--- Goal of the exercise ---
The records should be repeated word for word, pictures excluded.

--- Raw data ---
════════

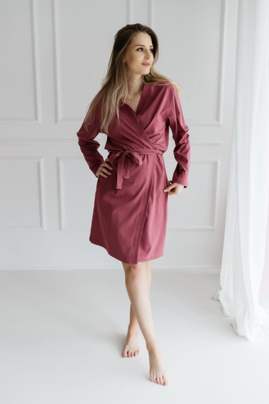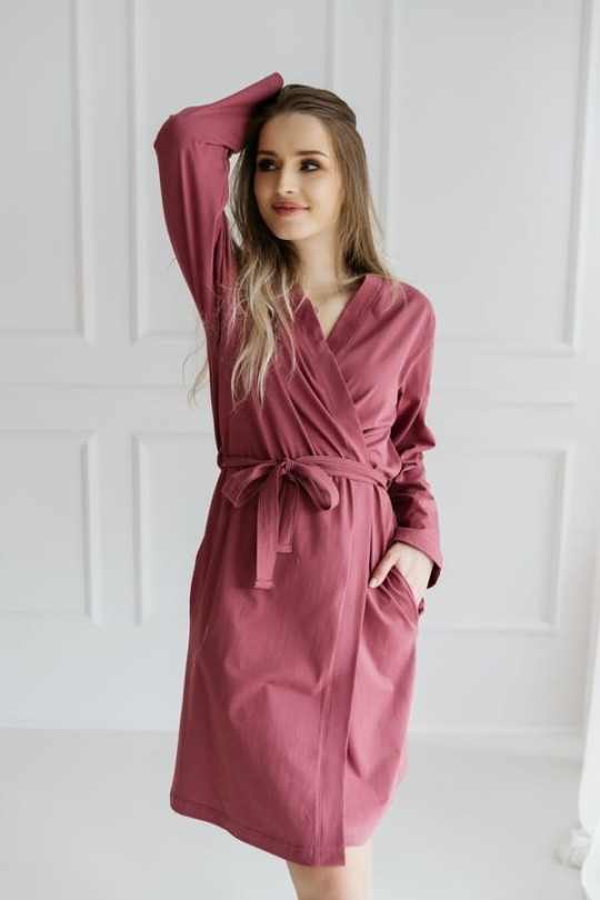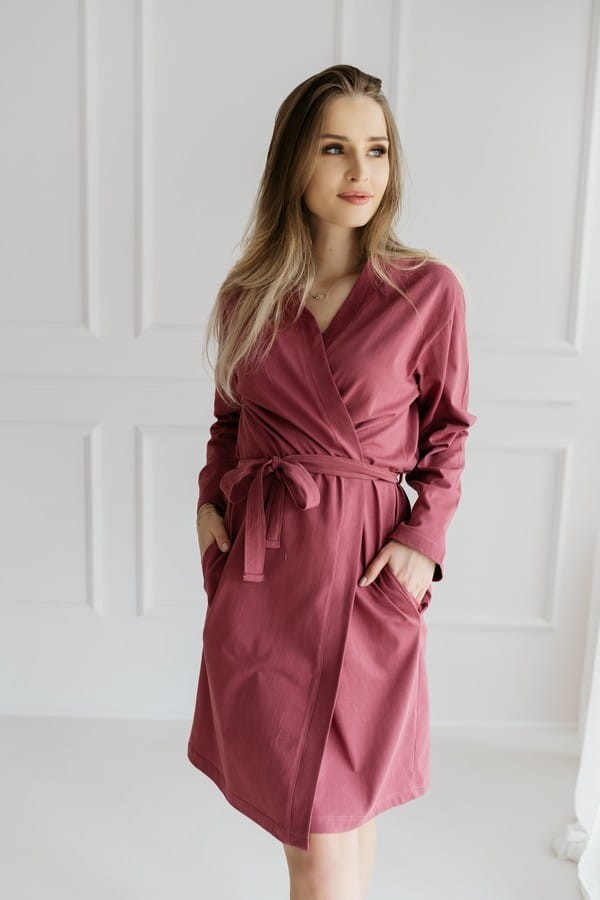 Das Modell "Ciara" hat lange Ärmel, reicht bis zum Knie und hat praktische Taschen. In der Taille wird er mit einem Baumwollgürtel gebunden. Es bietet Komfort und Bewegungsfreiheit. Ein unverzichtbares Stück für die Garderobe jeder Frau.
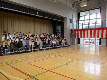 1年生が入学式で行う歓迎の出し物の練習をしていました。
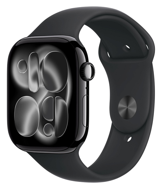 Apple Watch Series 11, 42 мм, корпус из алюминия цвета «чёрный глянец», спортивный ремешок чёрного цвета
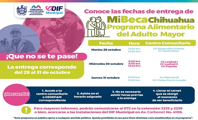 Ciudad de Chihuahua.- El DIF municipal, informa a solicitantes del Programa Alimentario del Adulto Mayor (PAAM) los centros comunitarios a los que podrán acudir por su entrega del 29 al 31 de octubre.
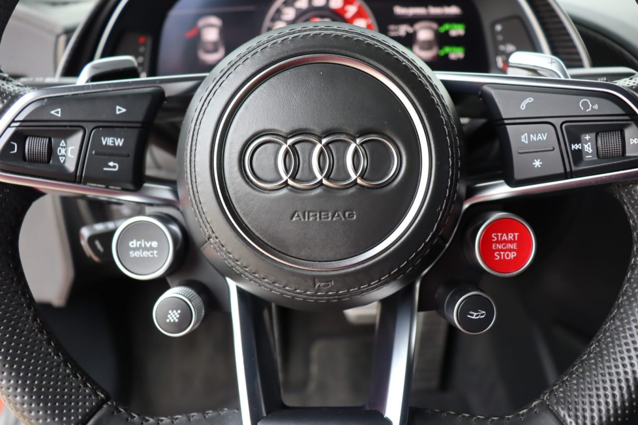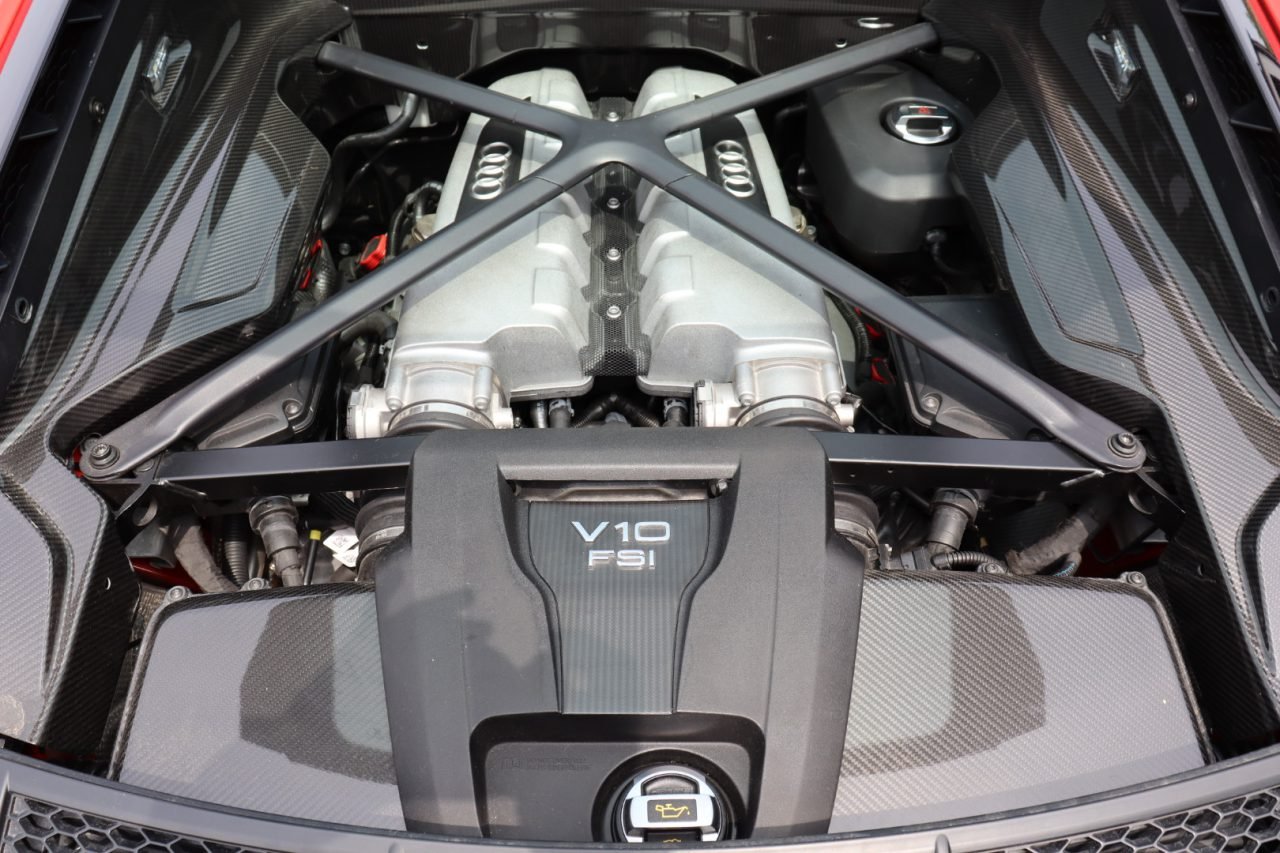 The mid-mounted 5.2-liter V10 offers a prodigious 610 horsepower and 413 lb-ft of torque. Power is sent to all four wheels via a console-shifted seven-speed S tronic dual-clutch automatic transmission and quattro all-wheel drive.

════════

--- Exercise answer ---
 Das Modell "Ciara" hat lange Ärmel, reicht bis zum Knie und hat praktische Taschen. In der Taille wird er mit einem Baumwollgürtel gebunden. Es bietet Komfort und Bewegungsfreiheit. Ein unverzichtbares Stück für die Garderobe jeder Frau.
 1年生が入学式で行う歓迎の出し物の練習をしていました。
 Apple Watch Series 11, 42 мм, корпус из алюминия цвета «чёрный глянец», спортивный ремешок чёрного цвета
 Ciudad de Chihuahua.- El DIF municipal, informa a solicitantes del Programa Alimentario del Adulto Mayor (PAAM) los centros comunitarios a los que podrán acudir por su entrega del 29 al 31 de octubre.
 The mid-mounted 5.2-liter V10 offers a prodigious 610 horsepower and 413 lb-ft of torque. Power is sent to all four wheels via a console-shifted seven-speed S tronic dual-clutch automatic transmission and quattro all-wheel drive.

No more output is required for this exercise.